# Exercise instructions
The answer must be an exact printing of every record below, with the pictures omitted.

# Provided information
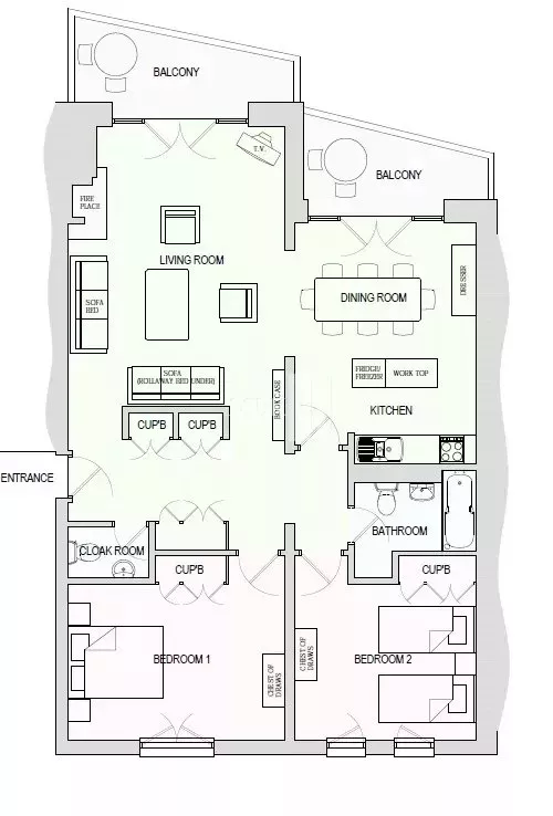 Cet appartement traversant entièrement meublé et agréablement agencé comprend :
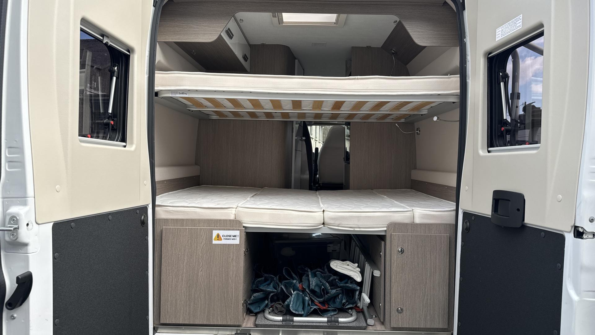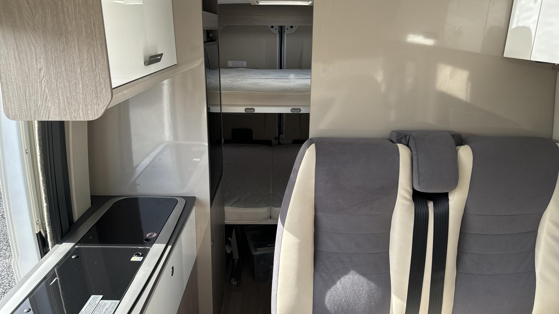 Le Challenger Vany est le compagnon idéal pour de longs road trips car ce fourgon aménagé offre un très bel espace de vie à bord où on peut se tenir debout. Son agencement très complet avec l'espace cuisine, 4 couchages (2 lits doubles superposés), sa douche chaude intégrée et ses WC intérieurs, en font un fourgon extrêmement confortable.
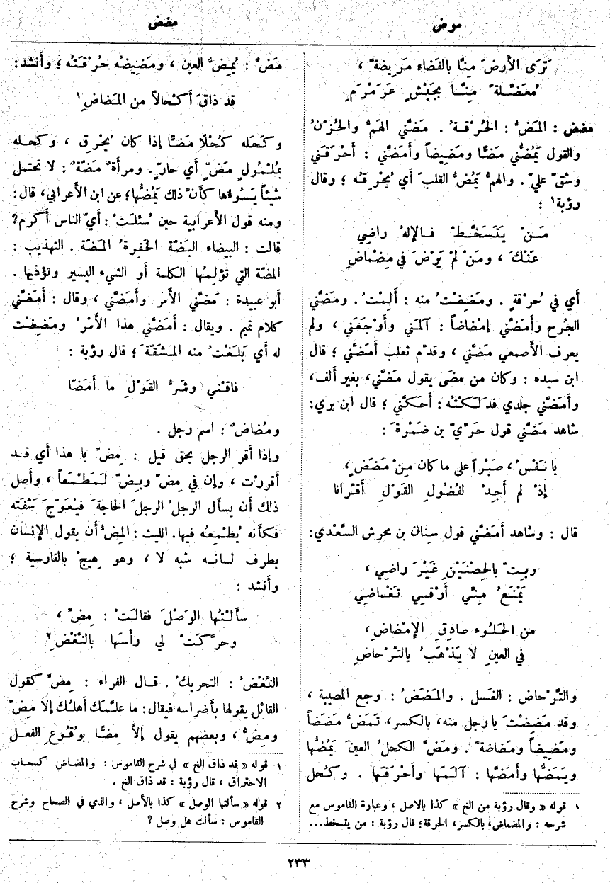 مضض: المَضُّ: الحُرْقةُ. مَضَّني الهَمُّ والحُزْنُ وَالْقَوْلُ يَمُضُّني مَضّاً ومَضِيضاً وأَمَضَّني: أَحْرَقَني وَشَقَّ عَلَيَّ. والهمُّ يَمُضُّ القلبَ أَي يُحْرِقُه؛ وَقَالَ رُؤْبَةُ «1»:
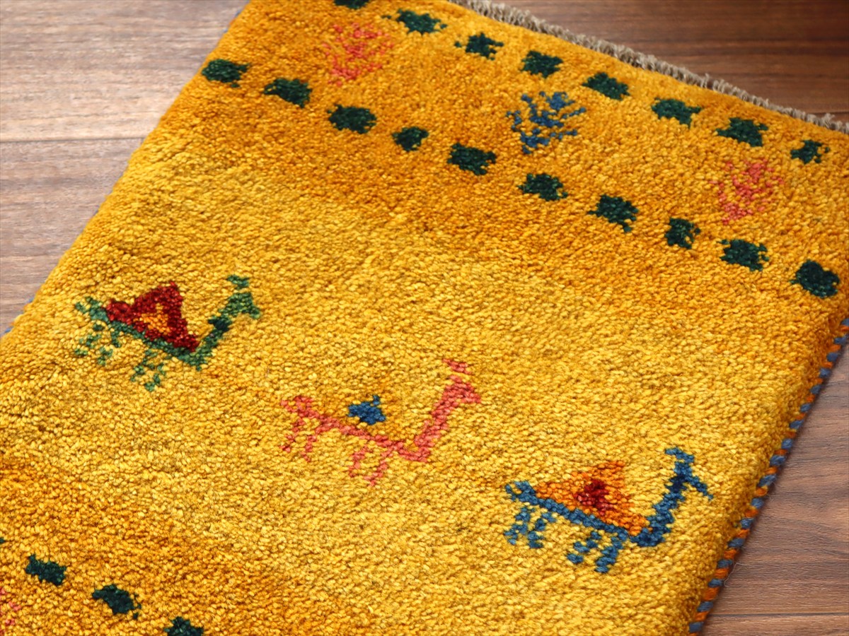 - ギャッベ ミニギャベ イラン産 54×40cm イエローオレンジ ラクダと生命の樹
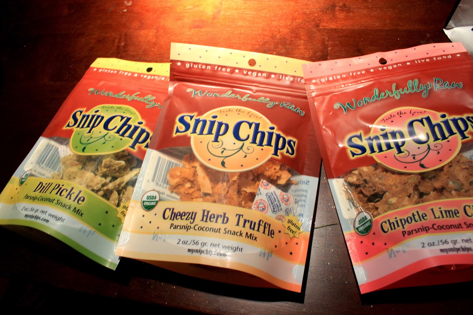 According to the packaging, “Organic Parsnips & Organic Coconut combined with our tasty coating of goodness. Make this Snip-Chips the next big thing in healthy snacking. Parsnips are high in vitamin C,E & K , high in fiber, omega3 and potassium. Let’s not forget the healthy benefits of coconut, which raises metabolism and helps burn fat.”

# Response below
 Cet appartement traversant entièrement meublé et agréablement agencé comprend :
 Le Challenger Vany est le compagnon idéal pour de longs road trips car ce fourgon aménagé offre un très bel espace de vie à bord où on peut se tenir debout. Son agencement très complet avec l'espace cuisine, 4 couchages (2 lits doubles superposés), sa douche chaude intégrée et ses WC intérieurs, en font un fourgon extrêmement confortable.
 مضض: المَضُّ: الحُرْقةُ. مَضَّني الهَمُّ والحُزْنُ وَالْقَوْلُ يَمُضُّني مَضّاً ومَضِيضاً وأَمَضَّني: أَحْرَقَني وَشَقَّ عَلَيَّ. والهمُّ يَمُضُّ القلبَ أَي يُحْرِقُه؛ وَقَالَ رُؤْبَةُ «1»:
 - ギャッベ ミニギャベ イラン産 54×40cm イエローオレンジ ラクダと生命の樹
 According to the packaging, “Organic Parsnips & Organic Coconut combined with our tasty coating of goodness. Make this Snip-Chips the next big thing in healthy snacking. Parsnips are high in vitamin C,E & K , high in fiber, omega3 and potassium. Let’s not forget the healthy benefits of coconut, which raises metabolism and helps burn fat.”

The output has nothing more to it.